Exercise aim ▸
Your answer must be the lines from the one containing "课堂讲解了中华民族从站起来到" through the last line of the records below, copied exactly, with the pictures left out.

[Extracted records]

* * * * *

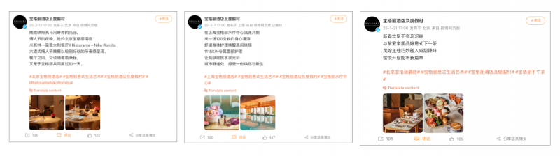 The most engaged post came from Marriott Bonvoy, featuring a photo of international supermodel Xiaowen Ju at a Marriott Hotel, along with a hyperlink encouraging users to explore Marriott properties across China. The next six most popular posts were all from Bvlgari Hotels, highlighting its Michelin-starred restaurant, luxurious spa treatments, elegant afternoon teas, and promotional teaser videos. This trend underscores the importance of celebrity collaborations, as accounts without such content saw significantly lower engagement levels, illustrating the vital role of a strong fan base on Weibo.
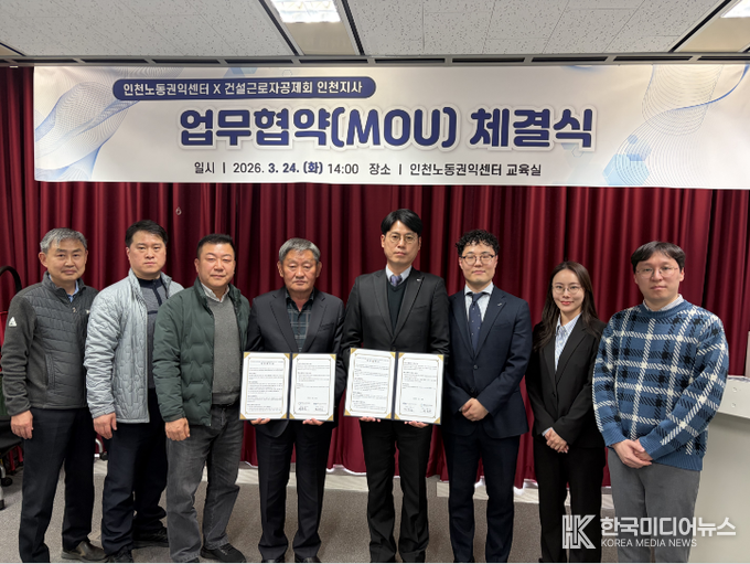 [한국미디어뉴스 이원영기자] 건설근로자공제회 인천지사(지사장 장성호)와 인천노동권익센터(센터장 서흥원)는 24일 인천 연수구 인천노동권익센터에서 취약계층 건설근로자의 복지와 노동권익 향상을 위한 업무협약을 체결했다.
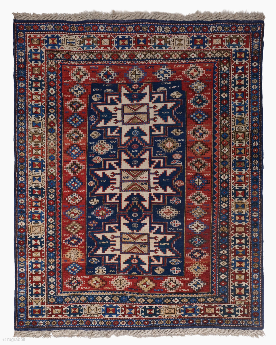 This rare late 19th century Caucasian Lezgi Shirvan rug highlights a powerful and rhythmic geometric composition featuring a vertical sequence of three monumental, nested “Lesghi” star medallions anchored within a rich, saturated midnight indigo field. This structural balance between the dark, expansive ground and the high contrast ivory and madder red medallions reflects the pinnacle of the East Caucasian weaving tradition, specifically merging the architectural strength of Lezgi motifs with the technical precision of Shirvan workshop productions. Rugs of this antiquity are world renowned for their complex iconography, where the eight pointed star serves as a central protective symbol of ancient tribal identity.
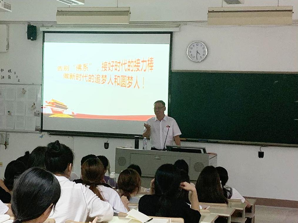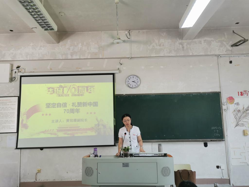 课堂讲解了中华民族从站起来到富起来,再到强起来的历史征程,围绕“坚定自信”,从“回望过去”“立足当下”“翘首未来”三个方面全面阐述了新中国成立七十周年的震撼式发展。通过列举大量国际国内时事,向同学们生动讲解了党的十九大以来国家和党的建设的显著发展,院领导以各自丰富的人生经历,向学生们讲述了新时代中国的巨大成就以及人民群众生活翻天覆地的变化。激励同学们告别“佛系”,树立远大理想,锤炼品德修为,练就过硬本领,担当时代责任,做新时代的追梦人。
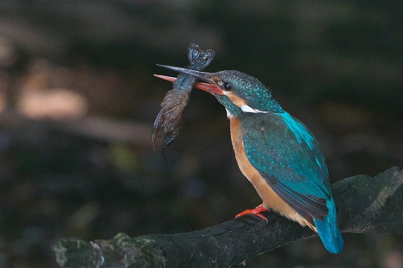 これだけでは寂しいので、昨日の鳥撮りから、カワセミのお食事シーン。
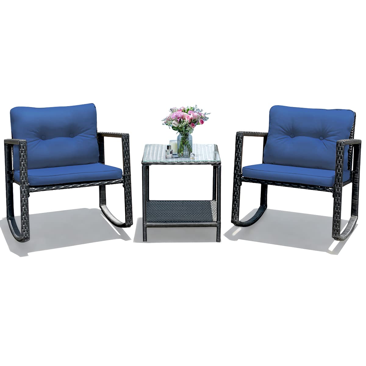 Tangkula 3 Piece Patio Rocking Bistro Set with Tempered Glass Coffee Table
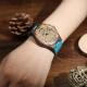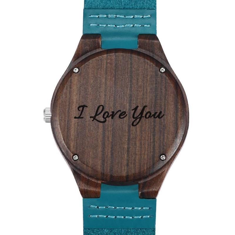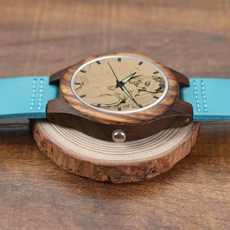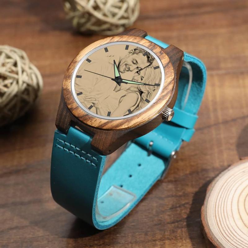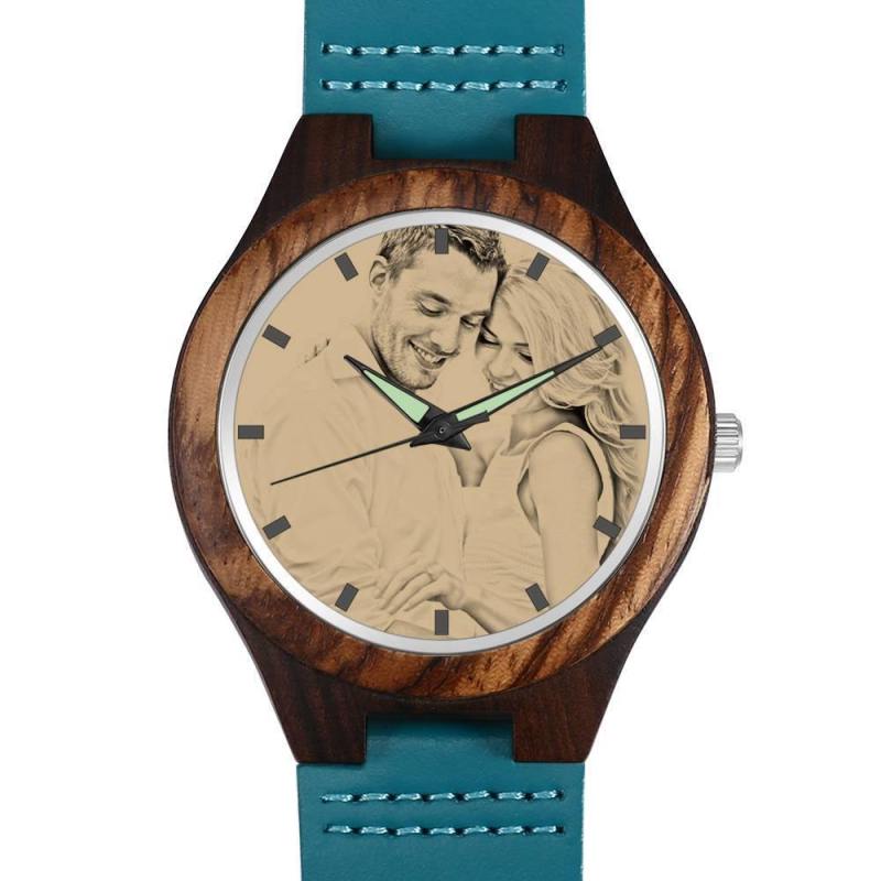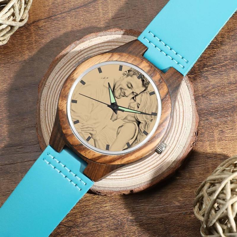 Women's Engraved Wooden Photo Watch Blue Leather Strap - Sandalwood

* * * * *

Response for this exercise ▸
 课堂讲解了中华民族从站起来到富起来,再到强起来的历史征程,围绕“坚定自信”,从“回望过去”“立足当下”“翘首未来”三个方面全面阐述了新中国成立七十周年的震撼式发展。通过列举大量国际国内时事,向同学们生动讲解了党的十九大以来国家和党的建设的显著发展,院领导以各自丰富的人生经历,向学生们讲述了新时代中国的巨大成就以及人民群众生活翻天覆地的变化。激励同学们告别“佛系”,树立远大理想,锤炼品德修为,练就过硬本领,担当时代责任,做新时代的追梦人。
 これだけでは寂しいので、昨日の鳥撮りから、カワセミのお食事シーン。
 Tangkula 3 Piece Patio Rocking Bistro Set with Tempered Glass Coffee Table
 Women's Engraved Wooden Photo Watch Blue Leather Strap - Sandalwood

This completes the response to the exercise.